Both examples of yama arashi involve a leg sweep. The examples are distinguished by tori's right arm position when tori's left hand is on uke's right sleeve.

  1. tori's right arm on uke's right chest area
  2. tori's right elbow inserted under uke's right armpit (as in a morote seoi nage)

The examples of throws that are not yama arashi have the same hand positions as the yama arashi examples, but with no mention of a sweep:

  1. tai otoshi where tori's hands are on one side of uke, on the sleeve and the lapel
  2. seoi nage with the same hand position as the tai otoshi but with tori's elbow into uke's armpit as in a morote seoi nage

My interpretation is that yama arashi requires a sweep under current Kodokan classification. If there is no sweep, it is not a yama arashi.

In the video referred to by Sjana, the throw shown by Mifune would not be considered a yama arashi but a tai otoshi under Daigo's description. Based on Daigo's explicit counterexample, I suspect the throw in the video may have been considered a yama arashi by some practitioners before, but should not be now.

Kodokan judo throw classification is messy, changes with time, and is not always understandable. Unless you are working for an official exam, it is frequently not worth expending the effort to understand the minutiae.

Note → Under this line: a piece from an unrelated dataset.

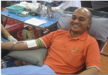
Bangkok Marathon 2013

3. บริษัทและพนักงานได้ร่วมกิจกรรมกรุงเทพมหานครมาราธอนอย่างต่อเนื่อง ทั้งนี้เพื่อส่งเสริมและสนับสนุนให้ประชาชนได้เห็นความสำคัญของการออกกำลังกาย อีกทั้งเป็นการสมทบทุนกับโครงการมูลนิธิพัฒนา ทั้งนี้เพื่อช่วยเหลือผู้ด้อยโอกาสทางสังคม

The name is different with the leg sweep. Historically, yama arashi is catagorized as a "hand throw". The fundamental impulse comes from the arms as you lift your uke over your hip. You do unbalance them through the hip, but the primary force is through the arms. Compare that to harai goshi, which is classified as a "hip throw" and the primary impulse is being delivered via the hip, while the arms are being used to unbalance. In practice, of course, the throws are kind of on a continuum based on where you split the most effort, but the pure forms are "hand" and "hip" respectively. You might further compare with osotogari, which is a similar technique, but is a "foot throw" with a clear sweep.


There is a very good video on youtube which explains the difference between Yama Arashi and Harai Goshi. Harai Goshi doesn't require you to lift your opponent up. Whereas the Yama Arashi uses an arm throw with your opponent in a lifted position. From there your leg is only used to keep their foot from being planted forward. Where the Harai Goshi uses the leg rotate your opponent, rather than using your arms.



Roughly, Yama-arashi could be classified as a variation of harai-goshi on the same basis that eri-seoi-nage is a variation of morote-seoi-nage.

Attention: according to IJF rules once you have both hands on the same side, you just have few seconds to throw with Yama-arashi, otherwise you will receive a shido.